Cai Bingjing, Wang Haiying, Zheng Huiru, Wang Hui
School of Computing and Mathematics, Computer Sciences Research Institute, University of Ulster, N. Ireland, BT37 0QB, UK.
BMC Syst Biol. 2012;6 Suppl 3(Suppl 3):S4. doi: 10.1186/1752-0509-6-S3-S4. Epub 2012 Dec 17.
Recent advances in molecular biology have led to the accumulation of large amounts of data on protein-protein interaction networks in different species. An important challenge for the analysis of these data is to extract functional modules such as protein complexes and biological processes from networks which are characterised by the present of a significant number of false positives. Various computational techniques have been applied in recent years. However, most of them treat protein interaction as binary. Co-complex relations derived from affinity purification/mass spectrometry (AP-MS) experiments have been largely ignored.
This paper presents a new algorithm for detecting protein complexes from AP-MS data. The algorithm intends to detect groups of prey proteins that are significantly co-associated with the same set of bait proteins. We first construct AP-MS data as a bipartite network, where one set of nodes consists of bait proteins and the other set is composed of prey proteins. We then calculate pair-wise similarities of bait proteins based on the number of their commonly shared neighbours. A hierarchical clustering algorithm is employed to cluster bait proteins based on the similarities and thus a set of 'seed' clusters is obtained. Starting from these 'seed' clusters, an expansion process is developed to identify prey proteins which are significantly associated with the same set of bait proteins. Then, a set of complete protein complexes is derived. In application to two real AP-MS datasets, we validate biological significance of predicted protein complexes by using curated protein complexes and well-characterized cellular component annotation from Gene Ontology (GO). Several statistical metrics have been applied for evaluation.

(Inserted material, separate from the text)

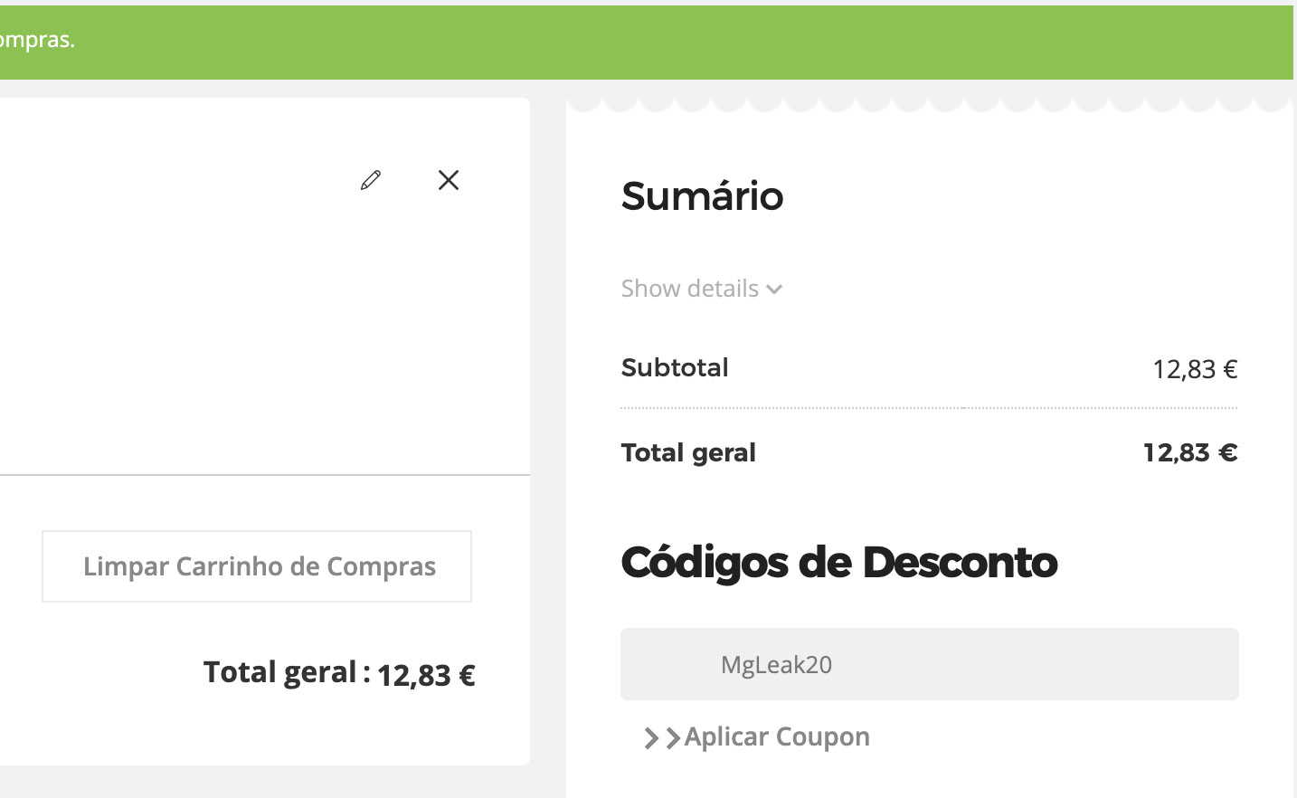 Assim que tivermos concluído este passo e de estarmos no carrinho, só temos de ir à secção Código de Desconto e introduzir MgLeak20. Logo a seguir só temos de dar um clique em Aplicar Coupon. O desconto de 20% será aplicado de imediato.

Experimental results show that, the proposed algorithm achieves significant improvement in detecting protein complexes from AP-MS data. In comparison to the well-known MCL algorithm, our algorithm improves the accuracy rate by about 20% in detecting protein complexes in both networks and increases the F-Measure value by about 50% in Krogan_2006 network. Greater precision and better accuracy have been achieved and the identified complexes are demonstrated to match well with existing curated protein complexes.
Our study highlights the significance of taking co-complex relations into account when extracting protein complexes from AP-MS data. The algorithm proposed in this paper can be easily extended to the analysis of other biological networks which can be conveniently represented by bipartite graphs such as drug-target networks.
分子生物学的最新进展使得不同物种中蛋白质-蛋白质相互作用网络的大量数据得以积累。分析这些数据面临的一个重要挑战是从存在大量假阳性的网络中提取诸如蛋白质复合物和生物过程等功能模块。近年来已应用了各种计算技术。然而,它们大多将蛋白质相互作用视为二元关系。源自亲和纯化/质谱(AP-MS)实验的共复合物关系在很大程度上被忽视了。
本文提出了一种从AP-MS数据中检测蛋白质复合物的新算法。该算法旨在检测与同一组诱饵蛋白显著共关联的猎物蛋白组。我们首先将AP-MS数据构建为一个二分网络,其中一组节点由诱饵蛋白组成,另一组由猎物蛋白组成。然后,我们根据诱饵蛋白共同拥有的邻居数量计算它们之间的成对相似度。采用层次聚类算法基于这些相似度对诱饵蛋白进行聚类,从而得到一组“种子”簇。从这些“种子”簇开始,开发一个扩展过程来识别与同一组诱饵蛋白显著相关的猎物蛋白。然后,得到一组完整的蛋白质复合物。在应用于两个真实的AP-MS数据集时,我们通过使用经过整理的蛋白质复合物和来自基因本体(GO)的特征明确的细胞成分注释来验证预测蛋白质复合物的生物学意义。应用了几种统计指标进行评估。
实验结果表明,所提出的算法在从AP-MS数据中检测蛋白质复合物方面取得了显著改进。与著名的MCL算法相比,我们的算法在检测两个网络中的蛋白质复合物时,准确率提高了约20%,在Krogan_2006网络中F-Measure值提高了约50%。实现了更高的精度和更好的准确性,并且所识别的复合物与现有的经过整理的蛋白质复合物匹配良好。
我们的研究强调了在从AP-MS数据中提取蛋白质复合物时考虑共复合物关系的重要性。本文提出的算法可以很容易地扩展到其他可以方便地用二分图表示的生物网络的分析,如药物-靶标网络。